TO DO:
In the copy, include exactly the lines from the one with "Er is kans dat" through the end of the data and no others, both ends kept, with every picture left out.

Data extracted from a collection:
# # # # #

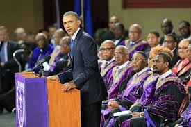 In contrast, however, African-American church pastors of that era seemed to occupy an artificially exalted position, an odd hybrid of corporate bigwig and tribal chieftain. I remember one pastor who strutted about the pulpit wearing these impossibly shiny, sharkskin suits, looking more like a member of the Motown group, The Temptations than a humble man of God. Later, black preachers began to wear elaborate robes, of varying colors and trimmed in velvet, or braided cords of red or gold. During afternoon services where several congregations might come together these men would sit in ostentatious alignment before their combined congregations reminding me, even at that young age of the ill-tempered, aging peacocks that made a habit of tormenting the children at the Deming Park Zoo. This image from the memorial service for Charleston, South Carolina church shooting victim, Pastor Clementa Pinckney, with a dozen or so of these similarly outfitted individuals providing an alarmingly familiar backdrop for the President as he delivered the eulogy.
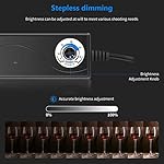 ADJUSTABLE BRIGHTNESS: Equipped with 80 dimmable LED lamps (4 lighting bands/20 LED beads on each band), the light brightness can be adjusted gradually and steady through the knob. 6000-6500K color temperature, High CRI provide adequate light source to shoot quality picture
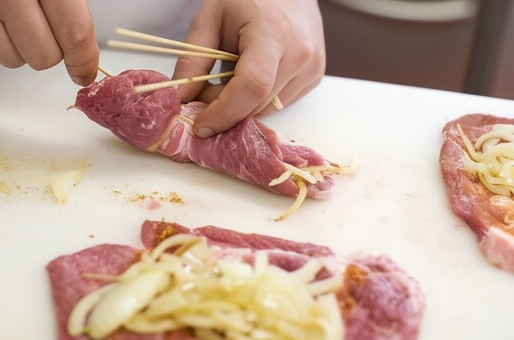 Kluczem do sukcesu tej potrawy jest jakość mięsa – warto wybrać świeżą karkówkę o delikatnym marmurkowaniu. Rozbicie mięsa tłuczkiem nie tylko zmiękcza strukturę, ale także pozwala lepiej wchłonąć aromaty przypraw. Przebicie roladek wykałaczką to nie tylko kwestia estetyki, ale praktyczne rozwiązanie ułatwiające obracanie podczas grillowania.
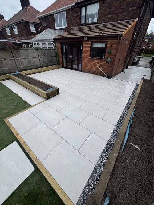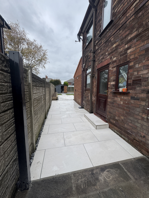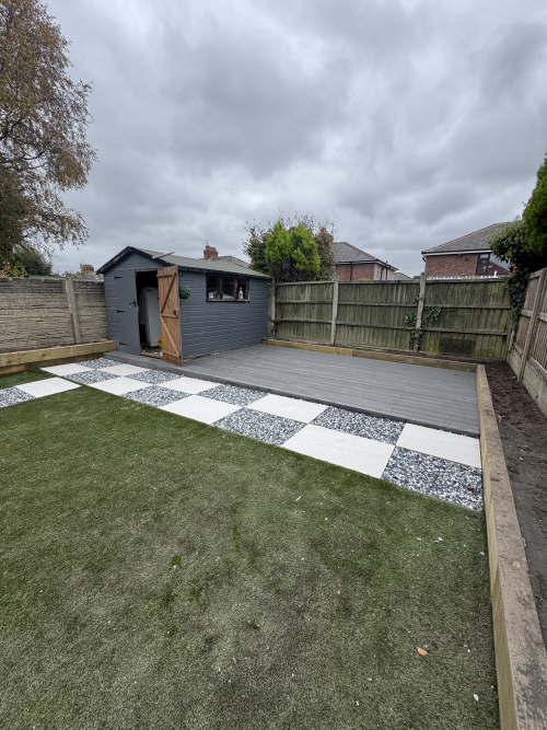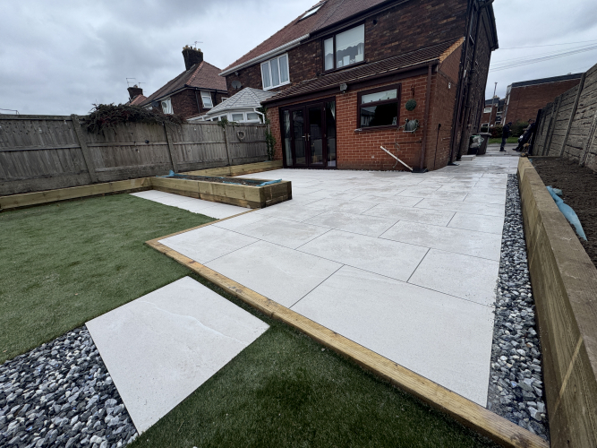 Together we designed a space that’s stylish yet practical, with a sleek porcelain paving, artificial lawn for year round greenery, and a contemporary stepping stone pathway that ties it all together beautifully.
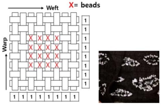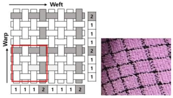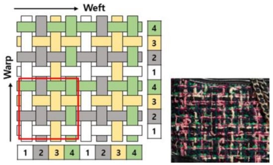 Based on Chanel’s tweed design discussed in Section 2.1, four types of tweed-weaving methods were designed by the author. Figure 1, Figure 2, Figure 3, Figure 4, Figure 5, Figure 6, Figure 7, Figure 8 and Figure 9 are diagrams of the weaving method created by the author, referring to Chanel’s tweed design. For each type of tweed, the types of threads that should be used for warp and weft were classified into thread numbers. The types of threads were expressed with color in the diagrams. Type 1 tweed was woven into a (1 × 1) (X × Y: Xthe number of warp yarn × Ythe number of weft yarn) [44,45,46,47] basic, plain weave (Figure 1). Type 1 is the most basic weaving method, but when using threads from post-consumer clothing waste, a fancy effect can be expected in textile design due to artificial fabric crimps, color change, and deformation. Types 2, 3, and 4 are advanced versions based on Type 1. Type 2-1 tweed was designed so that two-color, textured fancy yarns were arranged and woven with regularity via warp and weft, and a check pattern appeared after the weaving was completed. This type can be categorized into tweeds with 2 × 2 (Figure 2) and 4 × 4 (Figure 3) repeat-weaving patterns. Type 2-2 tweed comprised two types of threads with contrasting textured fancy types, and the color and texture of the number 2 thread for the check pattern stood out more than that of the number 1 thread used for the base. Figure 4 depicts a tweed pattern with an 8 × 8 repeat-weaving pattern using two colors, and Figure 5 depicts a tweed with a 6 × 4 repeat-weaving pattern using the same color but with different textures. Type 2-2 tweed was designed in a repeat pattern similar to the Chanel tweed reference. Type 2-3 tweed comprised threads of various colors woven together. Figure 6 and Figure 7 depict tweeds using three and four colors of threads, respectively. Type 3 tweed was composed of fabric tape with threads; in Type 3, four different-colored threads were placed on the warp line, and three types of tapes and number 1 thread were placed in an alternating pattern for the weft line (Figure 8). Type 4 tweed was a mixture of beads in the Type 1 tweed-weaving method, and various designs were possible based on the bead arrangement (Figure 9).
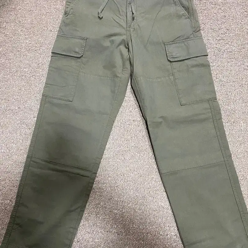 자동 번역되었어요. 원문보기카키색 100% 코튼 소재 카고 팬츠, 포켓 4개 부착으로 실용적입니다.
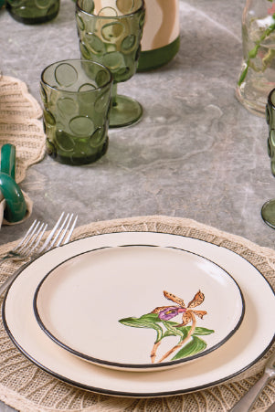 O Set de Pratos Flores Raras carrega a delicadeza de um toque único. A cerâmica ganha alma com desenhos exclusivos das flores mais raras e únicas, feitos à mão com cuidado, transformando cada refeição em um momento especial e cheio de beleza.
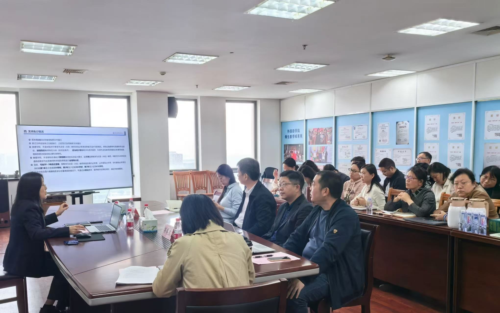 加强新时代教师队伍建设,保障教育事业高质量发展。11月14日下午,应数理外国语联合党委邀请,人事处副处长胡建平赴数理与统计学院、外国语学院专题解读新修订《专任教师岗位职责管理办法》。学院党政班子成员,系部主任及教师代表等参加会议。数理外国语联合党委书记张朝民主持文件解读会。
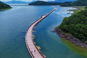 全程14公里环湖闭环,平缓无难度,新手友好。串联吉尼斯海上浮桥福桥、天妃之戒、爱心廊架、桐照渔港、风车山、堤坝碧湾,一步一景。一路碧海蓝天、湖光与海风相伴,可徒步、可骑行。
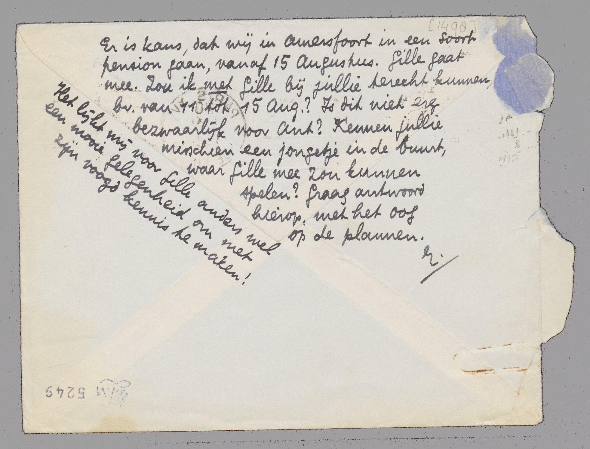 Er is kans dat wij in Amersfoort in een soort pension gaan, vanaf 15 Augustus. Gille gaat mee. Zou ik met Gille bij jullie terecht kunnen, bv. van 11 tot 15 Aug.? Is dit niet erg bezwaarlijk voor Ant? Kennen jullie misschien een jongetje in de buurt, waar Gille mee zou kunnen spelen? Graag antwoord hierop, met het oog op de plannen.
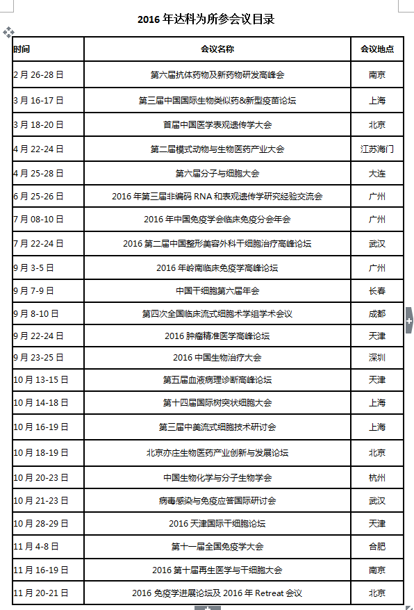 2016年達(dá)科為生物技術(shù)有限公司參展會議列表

# # # # #

TASK ANSWER:
 Er is kans dat wij in Amersfoort in een soort pension gaan, vanaf 15 Augustus. Gille gaat mee. Zou ik met Gille bij jullie terecht kunnen, bv. van 11 tot 15 Aug.? Is dit niet erg bezwaarlijk voor Ant? Kennen jullie misschien een jongetje in de buurt, waar Gille mee zou kunnen spelen? Graag antwoord hierop, met het oog op de plannen.
 2016年達(dá)科為生物技術(shù)有限公司參展會議列表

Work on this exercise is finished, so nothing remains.